В первый раз в жизни услышав такие речи, Шмуке совсем потерялся, голова у него отяжелела, и он откинулся на спинку кресла, на котором сидел. Вильмо присоединился к мировому судье и протоколисту и с профессиональным равнодушием стал следить за наложением печатей, процедурой, во время которой, разумеется, если тут нет наследников, отпускаются обычно всякие шуточки и замечания насчет вещей, временно, до раздела имущества, взятых под стражу. Наконец четыре чиновника, и протоколист в том числе, заперли зал и возвратились в столовую. Шмуке машинально следил за процедурой опечатывания, которая заключается в том, что печатью мирового суда скрепляют бечевку на обеих створках двери, ежели она двустворчатая, и опечатывают шкафы или одностворчатые двери, накладывая печать на край дверки и стенки или на край двери и дверной косяк.
— Теперь перейдем в эту комнату, — сказал Фрезье, указывая на спальню Шмуке, дверь которой выходила в столовую.
— Так ведь это же спальня господина Шмуке! — воскликнула тетка Соваж и загородила собой дверь.
— Вот квартирный контракт, — возразил неумолимый Фрезье, — мы нашли его в бумагах, он составлен не на имя господ Понса и Шмуке, а на имя одного господина Понса. Обстановка всей квартиры входит в наследство... Да к тому же, — прибавил он, открывая дверь в комнату Шмуке, — видите, господин судья, тут полно картин.
— А ведь правда, — согласился мировой судья, тотчас же становясь на сторону Фрезье.
— Постойте, господа, — сказал Вильмо. — Вы что же, думаете выставить за дверь единственного наследника, права которого пока не оспариваются?
— Нет, оспариваются! — возразил Фрезье. —— Мы протестуем против введения в наследство.
— А на каком основании?
— Основания найдутся, милый юноша! — насмешливо сказал Фрезье. — В данный момент мы не протестуем, чтобы наследник взял то, что, по его заявлению, принадлежит ему лично, но опечатать спальню мы опечатаем, пусть переезжает на житье, куда ему угодно.
— Нет, — возразил Вильмо, — господин Шмуке будет жить у себя в спальне!
— Как так?
— Я получу предварительное решение, — пояснил Вильмо, — в котором будет указано, что мой доверитель является съемщиком квартиры на половинных началах, и вы его отсюда не выставите... Снимите картины, выясните, что принадлежит покойнику, что моему доверителю, но мой доверитель не уйдет никуда... милый юноша!
— Я буду уходить! — сказал старый музыкант, который, слушая это отвратительное препирательство, вновь обрел какие-то силы.

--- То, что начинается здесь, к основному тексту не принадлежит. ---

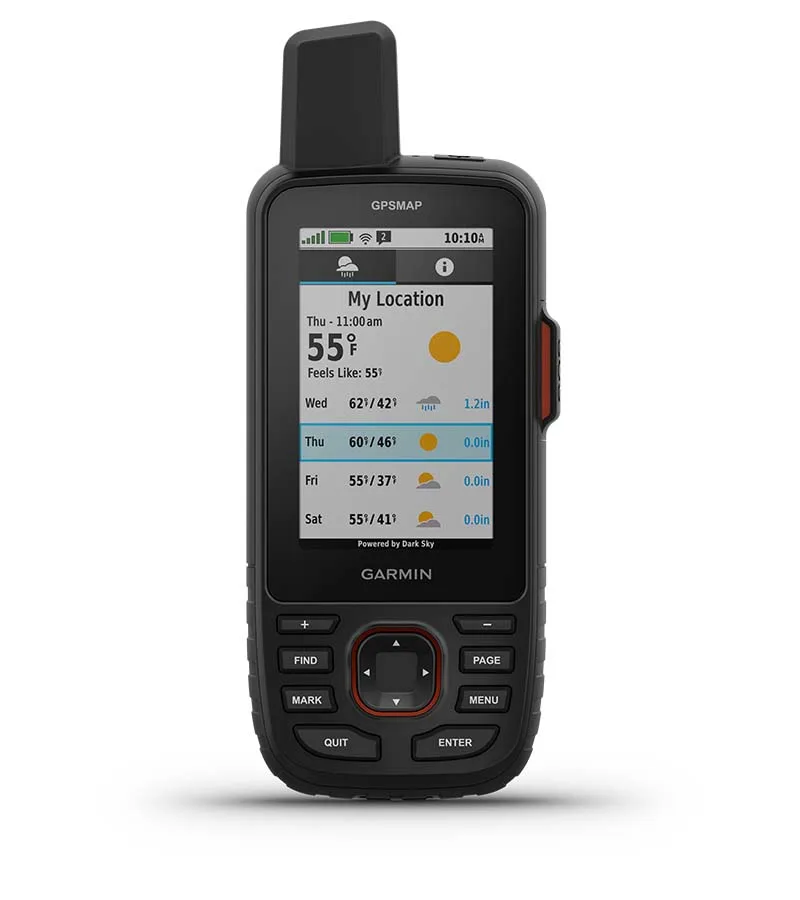 When connected to the Garmin Explore smartphone app, you can get real-time forecast information, so you’re aware of the changing conditions. Use inReach connectivity to get detailed weather updates on the GPSMAP 67i handheld. Request weather forecasts for your current location, waypoints or destinations on your route. Instead of relying on cellphone coverage, the GPSMAP 67i transfers your messages, SOS alerts and tracking via the global Iridium satellite network.
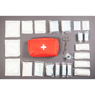 Apteczka samochodowa składająca się 40 elementów. W skład zestawu wchodzą: 1.1 plaster 2,5 cm x 5 m, 2. 4 plastry 10 x 6 cm, 3. 2 plastry 3,8 x 7.2 cm, 4. 2 plastry 12 x 2 cm, 5. 2 plastry 7,2 x 1.9 cm, 6. 4 plastry 7,6 x 2,5 cm, 7. 1 bandaż 6 cm, 8. 2 bandaże 8 cm, 9. 1 bandaż 10 cm, 10. chusta opatrunkowa 40 x 60 cm, 11. chusta opatrunkowa 60 x 80 cm, 12. 4 pary rękawiczek jednorazowych, 13. 2 elastyczne bandaże 5 cm, 14. 3 elastyczne bandaże 8 cm, 15. koc pierwszej pomocy 160 cm x 210 cm, 16. 3 kompresy sterylne, 17. 2 bandaże trójkątne 136 x 96 x 96 cm, 18. nożyczki, 19. 2 chusteczki nawilżane 20 x 10 cm oraz instrukcja. Produkt zgodny z Dyrektywą 93/42/EEC

— И правильно сделаете! — заметил Фрезье. — По крайней мере, избавите себя от ненужных расходов, потому что в этом спорном вопросе вы проиграете. Контракт является официальным документом...
— Контракт, контракт! — сказал Вильмо. — Поверят нам, а не контракту.
— Тут свидетельские показания не могут быть приняты во внимание, как в уголовных делах... Ведь не собираетесь же вы прибегать к экспертизе, к расследованию... к частным постановлениям и судопроизводству?
— Нет, нет, нет! — возопил испуганный Шмуке. — Я сейтшас ше буду переесшать, я буду уходить...
Шмуке, по образу своей жизни, потребности которой он ограничил до предела, был, сам того не подозревая, философом и стоиком. Все его имущество состояло из двух пар ботинок, пары сапог, двух пар носильного платья, дюжины сорочек, дюжины шелковых шейных и дюжины носовых платков, четырех жилетов и великолепнейшей трубки с вышитым кисетом — и то и другое было подарком Понса. Он вошел в спальню, страшно возбужденный, кипя негодованием, взял свои пожитки и положил на стул.
— Вот это вешши все мое, — сказал он с достойной Цинцината простотой. — И фортепьяно тоше мое.
— Мадам, — обратился Фрезье к тетке Соваж, — позовите кого-нибудь на помощь и выставьте на площадку фортепьяно!
— Вы уж слишком жестоки, — вступился Вильмо. — Здесь распоряжается господин мировой судья, его дело приказывать.
— Там есть ценности, — заметил протоколист, указывая на спальню.
— Кроме того, ваш доверитель уходит по доброй воле, — прибавил мировой судья.
— Никогда еще не встречал таких клиентов, — сказал возмущенный Вильмо, повернувшись к Шмуке. — Вы податливы, как воск!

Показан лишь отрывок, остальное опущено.